• WHAT THE EXERCISE ASKS
Return only the lines below starting at the line containing "A atividade também" and ending at the line containing "Mangalagiri Handloom Semi", both included, exactly as they are and with no pictures.

• DATA LISTING
┄┄┄┄┄┄┄┄┄┄

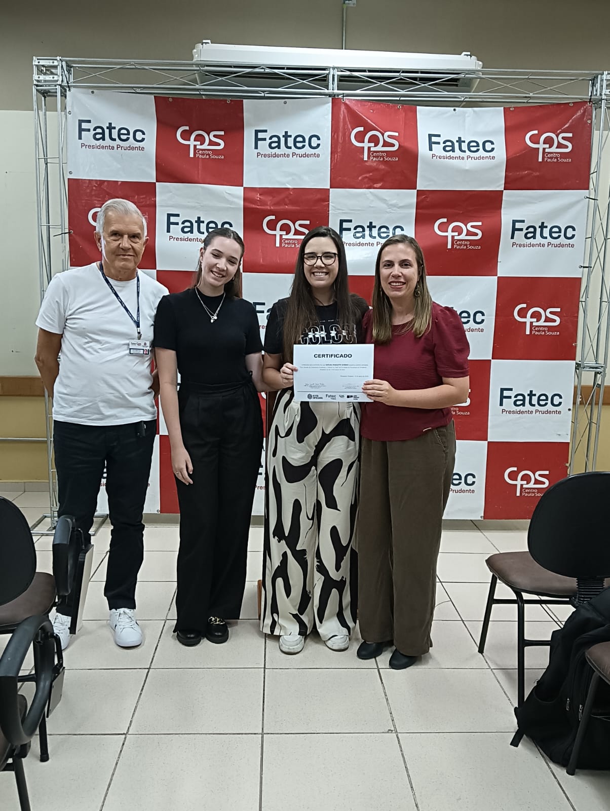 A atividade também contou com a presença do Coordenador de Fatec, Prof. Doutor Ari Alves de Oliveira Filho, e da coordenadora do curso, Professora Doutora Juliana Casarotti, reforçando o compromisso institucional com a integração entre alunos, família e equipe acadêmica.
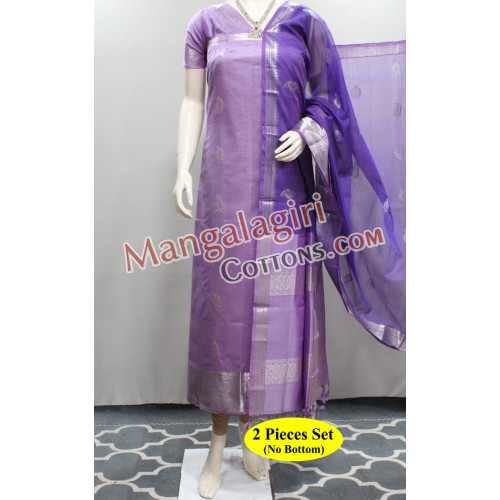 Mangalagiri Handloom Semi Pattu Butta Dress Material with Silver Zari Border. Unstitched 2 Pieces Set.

┄┄┄┄┄┄┄┄┄┄

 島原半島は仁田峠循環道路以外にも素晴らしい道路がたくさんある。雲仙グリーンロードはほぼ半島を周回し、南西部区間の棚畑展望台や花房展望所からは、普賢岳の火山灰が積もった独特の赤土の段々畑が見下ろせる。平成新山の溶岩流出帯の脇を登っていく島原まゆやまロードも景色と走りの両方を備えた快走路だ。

┄┄┄┄┄┄┄┄┄┄

• SOLUTION TO THE EXERCISE
 A atividade também contou com a presença do Coordenador de Fatec, Prof. Doutor Ari Alves de Oliveira Filho, e da coordenadora do curso, Professora Doutora Juliana Casarotti, reforçando o compromisso institucional com a integração entre alunos, família e equipe acadêmica.
 Mangalagiri Handloom Semi Pattu Butta Dress Material with Silver Zari Border. Unstitched 2 Pieces Set.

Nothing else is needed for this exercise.